GDPR taught the EU that enforcement needs to be centralized, because Ireland's Data Protection Commission moved so slowly on Meta complaints that the word "enforcement" started to feel like it belonged in air quotes. Waiting for the harm before writing the rules means installing smoke detectors in a pile of ash. So when they proposed the AI Act in April 2021, before ChatGPT existed (a fact worth letting settle for a moment), they were writing rules for a technology that hadn't yet detonated in public, because they had learned, at considerable cost, that writing them afterward doesn't work.

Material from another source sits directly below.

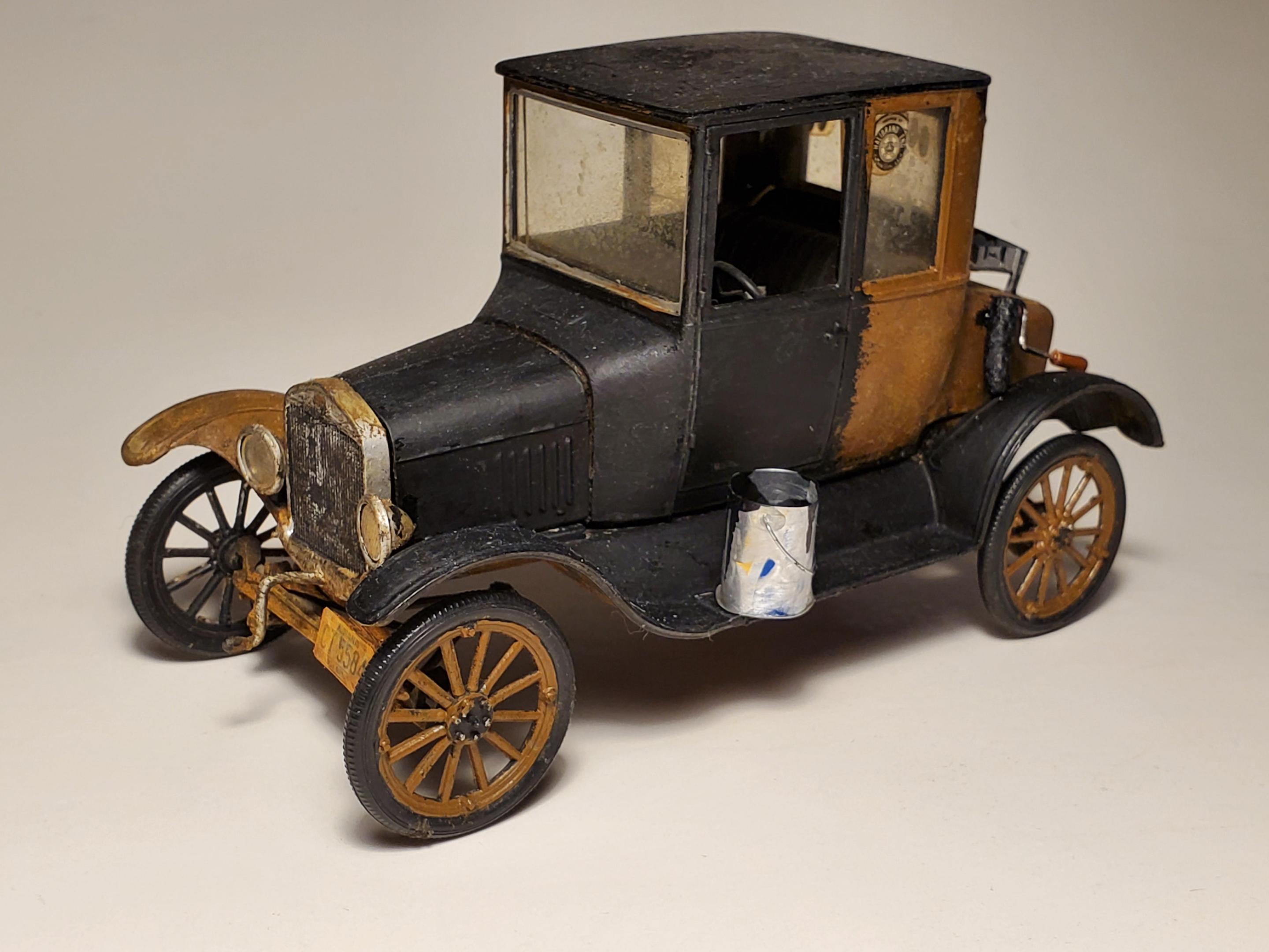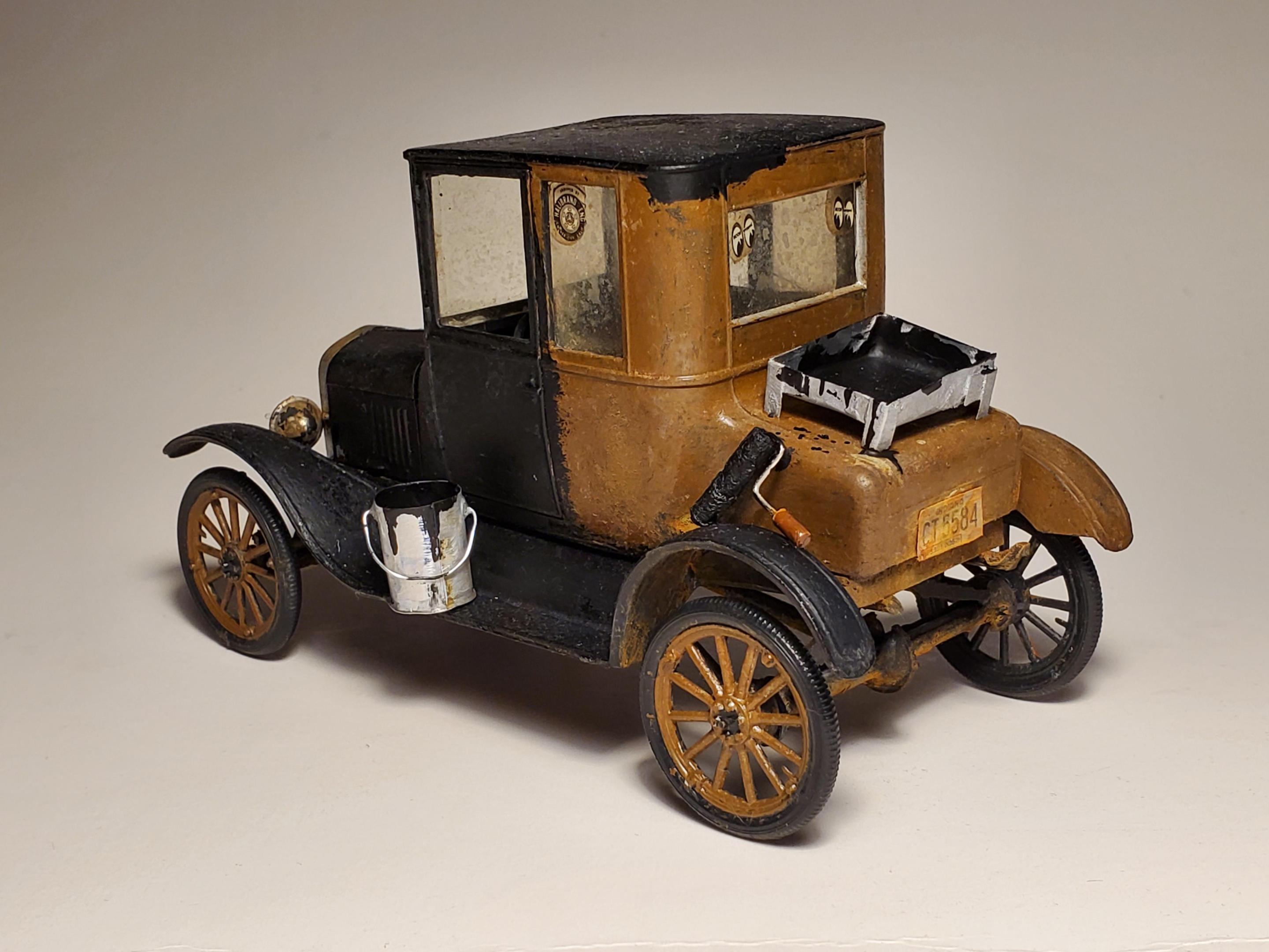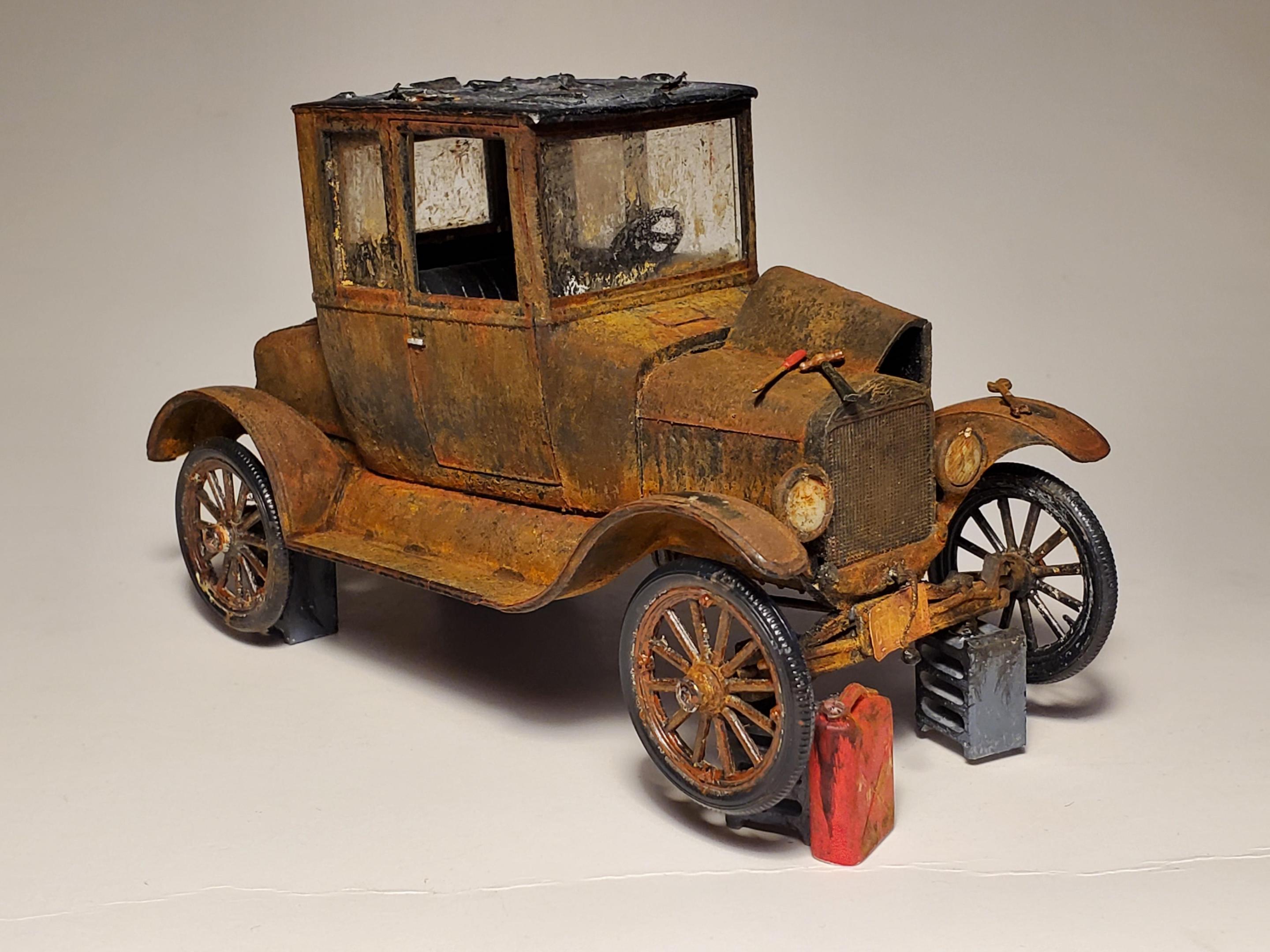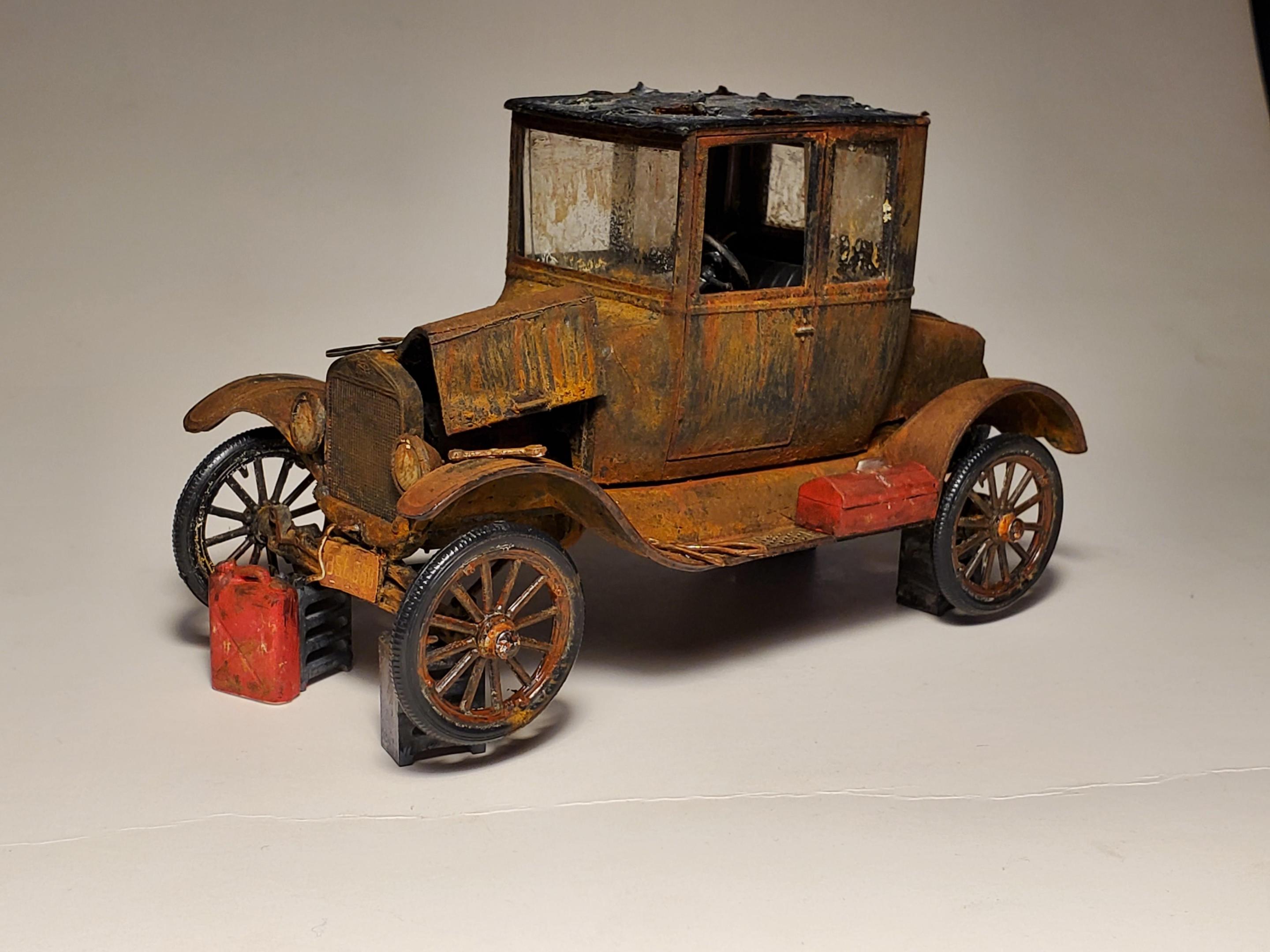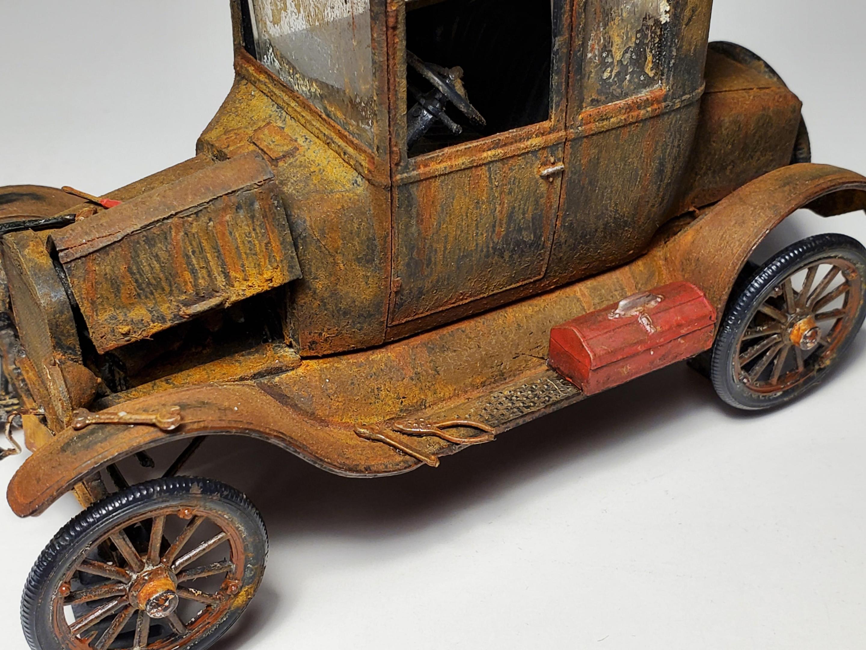 I rescued these two original issue AMT 1925 Model T built up's, separately from each other, from different people, years apart, because they were going to be thrown away. They sat on my shelf for a while collecting dust. Some model building friends and I occasionally get together and go somewhere for the day and get lunch. We chose a return trip to the Model T Museum in Richmond, Indiana. We'd been there before but we wanted to see if they had anything new going on. So one day a couple weeks before we went, I looked up at my shelf and saw those two Model T's stacked on top of each other collecting dust and said you know what I'm going to do something with those and so I took em down, dusted them off, and proceeded to figure out where to start. One of the T's was brown and black, like someone painted it brown and decided later to paint it black. I thought it was funny because that's legitimately what someone would do back in the day in real life. The other one was an old mostly complete unpainted build up. I wanted to give these T's somewhat of a backstory to explain their looks. By doing so they took on their own names. So the half repainted one became known as "Rolly" and the unpainted one would become "Rusty". So here's the tale of Rusty and Rolly: Rolly the T had been used regularly by a small town Indiana family since new, and at one time painted brown... all over... even the wheels. Rolly fulfilled it's uses and was sold to another family in town for their young son in the 50s, It was driven home, but abandoned sometime thereafter during a black repaint with a roller. You might say it's owner was taunted by the fins and chrome of the era, and was struggling to get the old T running right, so they abandoned the job mid-repaint. Left the roller on the rear fender, bucket of paint on the running board, and paint tray on the trunk. Deciding instead to go get a newer, more reliable car as a first car, instead of fixing up the ole T. So it was left in the shed out back and forgotten about. I used Modern Masters rust antiquing kit to add some details of rust on this car on the brown areas. The black areas I did have to repaint/retouch because they reacted with the rust solution once sprayed on. I suspect because it was old lead-based Testors. I scratch built the roller, bucket, and paint tray. The bucket and paint tray are made out of a pop can and the handle on the can was silver wire. The roller is silver wire with a paper towel wrapped around and super glued, then dipped in paint. The paint tray and bucket both have paint in them as well. I made an Indiana License plate for it and added it to front and rear. I think the year is 1954, but now it's too rusty to tell. Haha! Unfortunately I was missing two of the hubs for the wheels. Forgive that omission. Rusty the T was the family vehicle on the rural Indiana farm from new. It's seen it all and been through it all and was well used. By the time Rusty was 11 years old it had already fallen into disuse as cars were much more reliable and easy to drive, and those new 1936 Fords were just too nice for the now well-to-do farmer to turn down. The ole T was used around the farm for a short time before being put in the barn. The owner's son needed a vehicle to drive in the early 1940's and was given the T. The new owner put plates on the T, however while he was trying to get it fixed up, WWII broke out. The T's new owner had to ship off to war. Leaving the T to rust in the barn where it sat on blocks. Thankfully the T's owner returned at the end of the war, but a young war hero couldn't be seen in a rusty old Model T trying to impress the ladies. So a '46 Ford was bought. Rusty the T stayed in the same spot in the barn for many years, but was always kept in the family. Rusty is covered in Modern Masters rust antiquing 2 part system, (think sophisticated finishes) and several colors of Vallejo rust washes and black washes. Also several colors of Tamiya weathering powders. I used a piece of masking tape for the top, and shredded it up with an xacto knife. License plates were made by me, and I think this one is an Indiana 1943 plate. I couldn't seal any of my weathering, or take down the shine on the tires because it was January here in Ohio, and too cold to spray a flat clear down. When I get them back I will. The tools and tooboxes were parts box items I dug up and weathered. The hand crank on this one was scratch built with silver wire, with a superglue blob as the knob/handle. One thing I forgot to do, after taking these pictures, was actually prop the hood up. Because they wouldn't sit like that on their own. I also added some "barn bird poo" on the back of it by flicking white paint on with a paint brush. So here's that pic. I used a piece of styrene carved randomly to look like a stick that was a Y-shape, found somewhere on the ground and used to hold the hood up. And some white testors paint splattered on it w/ a paint brush to look like birds in the rafters were leaving some presents. Here's both of the cars at the Museum after I donated them temporarily for display, sitting with some other die-cast T's.

When ChatGPT broke the framework in late 2022, the EU didn't abandon the project, which is what the industry wanted with the focused longing of a speeding driver who has just spotted a speed camera. They rewrote the legislation instead, a process that was messy and contentious and that Mistral and the French government lobbied against with the intensity of students who just discovered the exam covers material from the first lecture, all of which is true and none of which changes the fact that the law exists, with fines of up to 7% of global turnover, which is the kind of number that makes a general counsel's eye twitch.

Article 8 of the EU Charter of Fundamental Rights enshrines data protection as a constitutional commitment, not a policy preference or a suggestion companies might consider if the quarterly numbers leave room for it. When the economy and individual rights collide, rights win, even when winning is expensive and slow and makes European tech companies feel underdressed at a party where their American competitors showed up in boardshorts sewn from deregulation and venture capital.

You can argue this is too slow. But what you cannot argue, what the existence of the EU framework makes impossible to maintain with a straight face, is that regulation "can't keep up" with AI. One of the world's largest economies built the roof. It leaks, the permits were a nightmare, and the builders complained the whole time, but it exists, and the people underneath it are drier than the ones still standing in the open insisting that roofs are impossible.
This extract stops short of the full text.